Records to use –
((

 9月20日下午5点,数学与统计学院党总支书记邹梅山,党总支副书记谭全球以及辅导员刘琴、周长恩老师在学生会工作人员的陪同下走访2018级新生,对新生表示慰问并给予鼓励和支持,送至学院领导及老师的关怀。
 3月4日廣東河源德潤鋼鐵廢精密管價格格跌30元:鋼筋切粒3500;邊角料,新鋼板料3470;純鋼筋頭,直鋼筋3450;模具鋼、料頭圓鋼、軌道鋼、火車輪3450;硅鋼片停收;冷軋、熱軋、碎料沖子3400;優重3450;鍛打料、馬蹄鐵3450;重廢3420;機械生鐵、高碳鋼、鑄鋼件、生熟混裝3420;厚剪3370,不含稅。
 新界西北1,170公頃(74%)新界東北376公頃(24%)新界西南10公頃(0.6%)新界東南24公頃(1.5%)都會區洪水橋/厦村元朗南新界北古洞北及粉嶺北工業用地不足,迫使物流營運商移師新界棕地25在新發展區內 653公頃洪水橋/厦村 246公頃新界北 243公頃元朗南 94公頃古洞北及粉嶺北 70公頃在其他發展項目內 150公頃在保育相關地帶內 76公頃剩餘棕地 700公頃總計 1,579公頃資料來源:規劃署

))
((

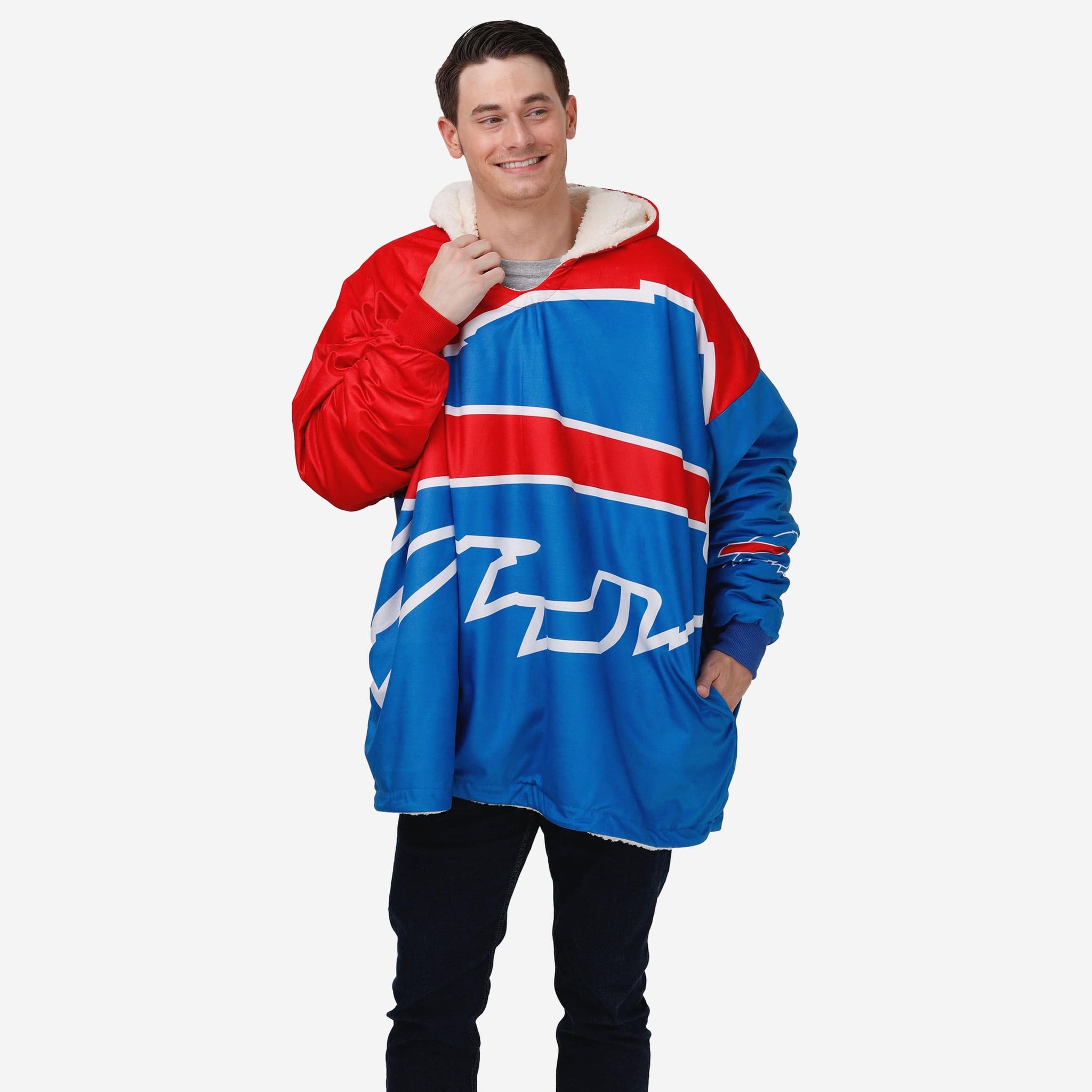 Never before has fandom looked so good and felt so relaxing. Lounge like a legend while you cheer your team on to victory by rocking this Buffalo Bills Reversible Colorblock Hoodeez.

))
((

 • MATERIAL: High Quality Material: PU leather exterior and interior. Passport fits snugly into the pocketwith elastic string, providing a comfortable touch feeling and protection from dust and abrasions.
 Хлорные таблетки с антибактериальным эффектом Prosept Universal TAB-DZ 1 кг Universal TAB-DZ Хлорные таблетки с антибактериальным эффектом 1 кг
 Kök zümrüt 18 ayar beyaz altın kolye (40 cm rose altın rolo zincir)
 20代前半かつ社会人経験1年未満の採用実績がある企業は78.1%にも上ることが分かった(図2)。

))

Task prompt –
Output exactly one stretch of the listing: from the line containing "Хлорные таблетки с антибактериальным эффектом Prosept" through the line containing "20代前半かつ社会人経験1年", both end lines included.

Solution –
 Хлорные таблетки с антибактериальным эффектом Prosept Universal TAB-DZ 1 кг Universal TAB-DZ Хлорные таблетки с антибактериальным эффектом 1 кг
 Kök zümrüt 18 ayar beyaz altın kolye (40 cm rose altın rolo zincir)
 20代前半かつ社会人経験1年未満の採用実績がある企業は78.1%にも上ることが分かった(図2)。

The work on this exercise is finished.